And finally, the junk user identification module establishes a user blacklist for the user who issues the repeated text and the marketing text on the basis of the junk user identification module and the marketing text. And (4) carrying out statistical analysis on the frequency of publishing the junk texts by the users in the blacklist, judging the users with high frequency as junk users, and filtering all social media data published by the users to realize cleaning.
Compared with the existing junk web text cleaning method, the invention designs a method for filtering junk texts by various strategies from multiple angles, and specifically comprises text similarity comparison, marketing text recognition and junk user recognition. Compared with single text spam filtering and spam user identification, the method has better applicability and wider application prospect.
The recognition of similar web text is shown in fig. 2:
firstly, segmenting a text, and removing common stop words to obtain a text word set S;
second, S is feature selected (tf-idf), forming a set of vectors D of weighted words. If feature selection is not selected, a vector D of words with weights all 1 is formed. A 64-dimensional vector V is initialized and each element in the vector is initially set to 0.
Then, each term in the term set S is calculated as follows: and calculating the word by using a Hash function to obtain a 64-bit signature f, traversing each bit of the 64-bit signature f, and if the ith bit is 0, subtracting the weight D [ word ] of the word from the ith dimension of the vector V. After S all word computations are completed, a piece of text will be mapped into a 64-dimensional vector G.
If the ith dimension of G is larger than 0, setting the ith position of the 64-bit fingerprint as 1 from the left, otherwise setting the ith position as 0, and finally mapping a piece of text into a 64-bit fingerprint code.
And calculating similarity of the fingerprint codes G of different texts by using cosine distance. And judging the texts with the similarity greater than the threshold value to be similar texts.
The present invention may be embodied in other specific forms without departing from the spirit or essential attributes thereof, and it is therefore intended that all such changes and modifications as fall within the true spirit and scope of the invention be considered as within the following claims.
Claims (7)
1. A system for multi-policy cleansing social media textual data, the system comprising: a similar text recognition module: the module is used for performing network text word segmentation, removing stop words, constructing a word set S of a text, performing feature selection on the word set S to form a group of vectors D consisting of weighted words, realizing that one text is mapped into a 64-bit fingerprint code G, calculating the similarity of the fingerprint codes G of different texts by using cosine distance, determining the fingerprint codes G of different texts as repeated texts if the similarity is greater than a threshold value, recording issuing users of the repeated network texts, and storing the issuing users into a blacklist; marketing text recognition module: introducing a machine learning classifier, inducing and summarizing marketing characteristics of common web texts, and recognizing the marketing texts by means of an SVM classifier, wherein the characteristics selected by the SVM classifier comprise content characteristics and external characteristics; a garbage user identification module: on the basis of the similar text recognition module and the marketing text recognition module, recording users who issue the similar texts and the marketing texts to form a user blacklist, counting the frequency of issuing the similar texts and the marketing texts by the users in the blacklist, judging the users with high issuing frequency as junk users, and filtering all social media data issued by the junk users.

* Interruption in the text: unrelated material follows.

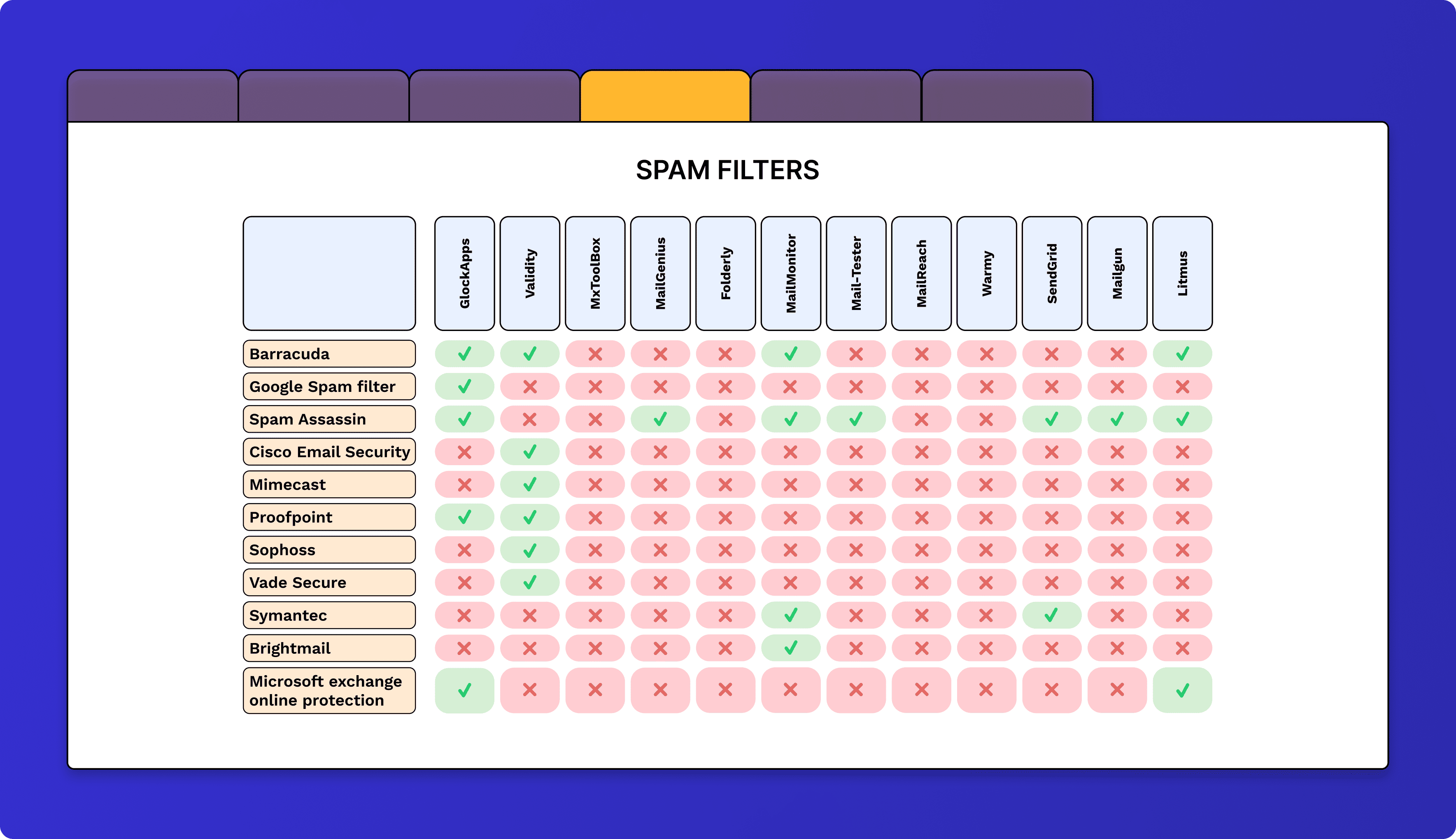 Me and my colleagues at GlockApps made your selection process simple and data-driven. Below I share our latest “Email Deliverability Tools Quality Analysis” to give you a detailed comparison of all the features of the top email spam testing services on the market.

2. The system for multi-strategy cleaning of social media text data according to claim 1, wherein a vector D consisting of weighted words is initialized, a 64-dimensional vector V is initialized, an initial value of each element in the vector is set to 0, each word in the word set S is calculated, a word is calculated by using a Hash function to obtain a 64-bit signature f, each bit of the 64-bit signature f is traversed, if the word is 0 at the ith bit, D [ word ] of the word is subtracted from the ith dimension of the initial vector V, after all word calculations of S are completed, an article is mapped into a 64-dimensional vector g, if the ith dimension of g is greater than 0, the ith position of the 64-bit fingerprint is 1, otherwise, the ith position is 0.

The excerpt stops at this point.